The issue of land is no less important and urgent today with 11, 865,000 employed in agriculture. Moreover, majority of the Filipino people are residing in the rural areas, where the economy still revolved around agriculture. In fact, agriculture and mining, both dependent on the land – aside from low value-added semi-manufactures and migrant labor – are the main exports of the country. Thus, the problem of monopoly of land by and the concentration of vast tracts of land to a few landlords and big foreign mining corporations is still a major issue in the county today.

The question confronting us now is whether the Comprehensive Agrarian Reform Law of 1988, which was already extended for 10 years in 1998, is effective and worth extending for another 10 years.

The DAR’s view

As far as the Department of Agrarian Reform (DAR) is concerned, it deems that it has been doing its job well and it is supporting the ten-year extension. It is endorsing House Bill 743 filed by Rep. Jaime Cua which seeks to extend the law and amend certain provisions, particularly allowing the use of the land distributed under the law as collateral.
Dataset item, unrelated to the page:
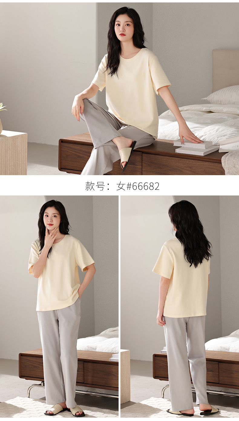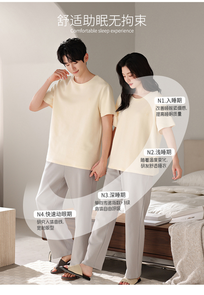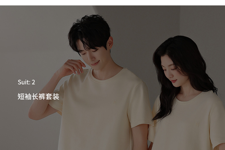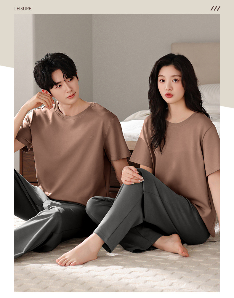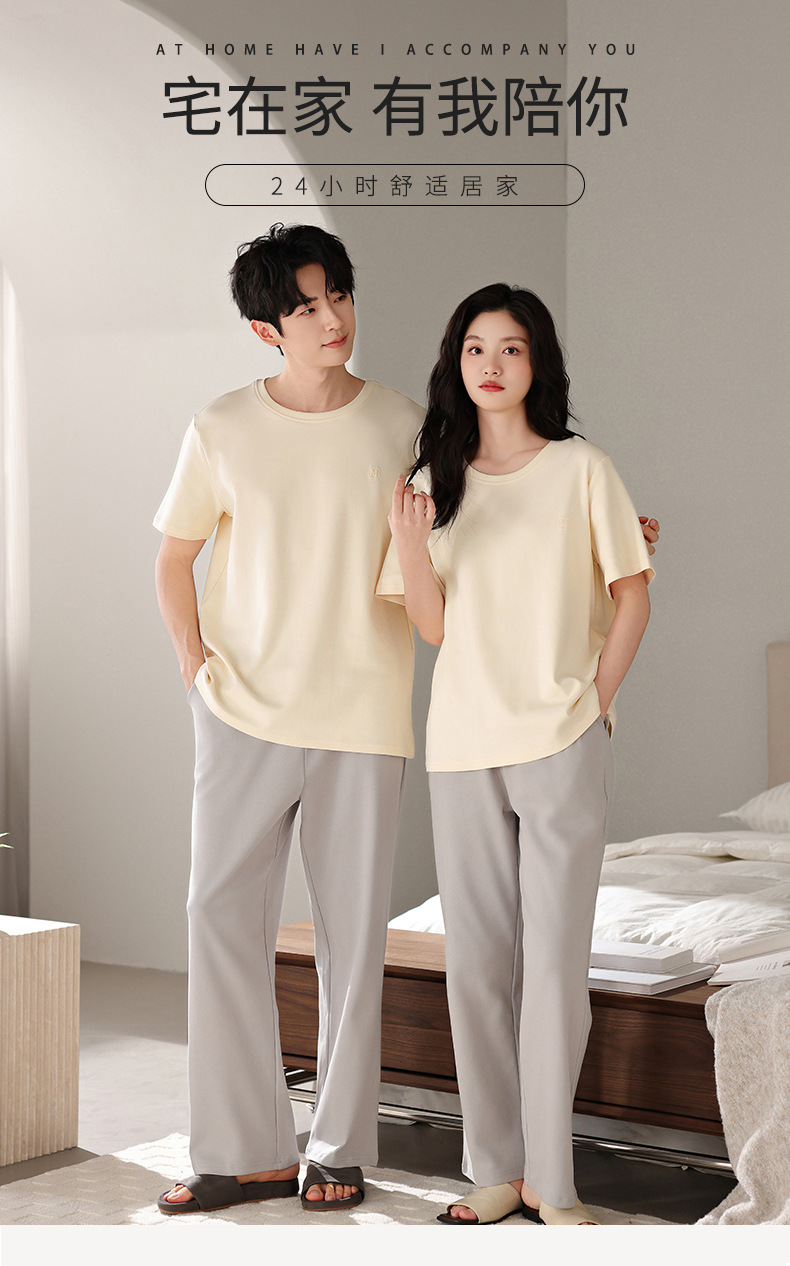 2025 새로운 커플 잠옷 여성 여름 풀오버 솔리드 컬러 코튼 반팔 바지 여성용 홈 의류 투피스 세트스토어 가기

Two agencies were tasked to implement the distribution of the land: the Department of Agrarian Reform’s target is to distribute 4,290,450 hectares while the Department of the Environment and Natural Resources (DENR) was set to distribute 3,771,411 hectares. Of the 8,061,861 hectare-target, the DAR claims that it has distributed 3,764,294 hectares and the DENR 3,056,186 hectares for a total of 6,820,480 hectares or 84.6 percent of the target.

The administrations from Aquino to Arroyo were known to pad the statistics of accomplishments of the agrarian reform program. But granting for the sake of argument that these claims are true, why do they need another ten years to distribute the balance of 1,241,381? Another way of looking at it is that if took twenty years to distribute 6,820,480, does it not show how ineffective the law is? Why do we have to bear with an ineffective law for another ten years?

Fraught with problems and loopholes

The more important thing is the impact of the agrarian reform law on the lives of the peasantry. Most, if not all, genuine peasant organizations (not the government-controlled ones) have complaints about the loopholes and problems of the agrarian reform program of the government.

Land-use conversion is one of the main problems being cited. rom 1997-98 alone, there were 67,466 hectares of agricultural land legally approved for conversion. In the year 2000, the DAR approved 34,160 hectares of the 39,066 hectares up for conversion. There have been other numerous cases of land use conversion approved by the regional and provincial agrarian reform officials in cahoots with landlords and big business. These land-use conversions not only deprive potential beneficiaries of the land that could have been theirs but have taken away land that was already distributed.

Aside from land use conversions, landlords also filed cases to take back the land that have been distributed. By 1998, the DAR has confiscated from farmer-beneficiaries 20,000 certificate of land transfers, 2,500 emancipation patents, and 320 certificates of land ownership agreements covering 70,000 hectares and affecting 25,000 farmers. Bulatlat ran a story of an agrarian reform community, one of the showcases of the agrarian reform program, whose land is now being claimed by a landlord.